Впрочем, останавливаться у лавок и вести отчаянный торг по обычаям восточного базара отнюдь не возбраняется. А торгуют на Палкхоре всем, что может понадобиться тибетцу, что производят здешние ремесленники, скотоводы, земледельцы. Священные книги, отпечатанные с досок в лхасских монастырях. Серебряные украшения из Шигатзе. Ковры из Гьянтзе. Кинжалы в чеканных ножнах из Дэгэ. Бронзовые фигурки Будды, портреты далай-ламы и костяные четки. И здесь же желтеет то, что куда больше, чем трехведерные золотые лампады Поталы, воплощает собой в Тибете мерило богатства – круги ячьего масла. А вот и сами яки. В соседнем переулке караванщики из дальних кочевий ждут для них покупателей.

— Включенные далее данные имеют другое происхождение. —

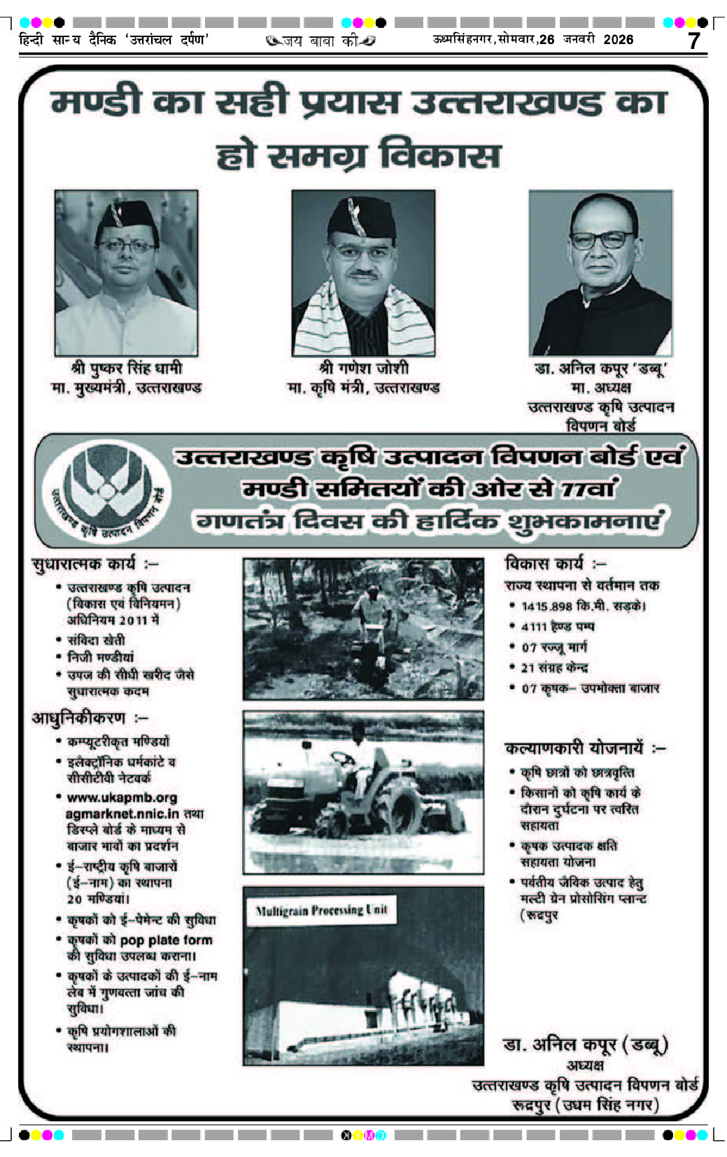 uttaranchal darpan Page: 7 January 26, 2026 Home Select Editon रुद्रपुर एडिशन देहरादून एडिशन Page 1Page 2Page 3Page 4Page 5Page 6Page 7Page 8Page 9Page 10Page 11Page 12Page 13Page 14Page 15Page 16 × uttaranchal darpan Full PDF << First << 7 >> Last >> View All Thumbnail

Як, если его описать в двух словах, – это медведь с головой коровы и хвостом лошади. Нельзя представить себе жизнь тибетца без этого животного. Испокон веков як был главным транспортным средством, ибо грузы перевозились только вьюками. Тибетский земледелец пашет на яках свое поле, а потом пускает по нему борону из ячьих рогов. Ячье молоко и мясо служат главной пищей скотоводов. Даже кости яка хранят на черный день под слоем камней: из них можно потом сварить суп. Из ячьей шерсти вьют веревки, ткут полотнища для палаток. А как прожить в Тибете без аргала, лепешек сухого ячьего навоза, смешанного с соломой, – единственного топлива в этом краю!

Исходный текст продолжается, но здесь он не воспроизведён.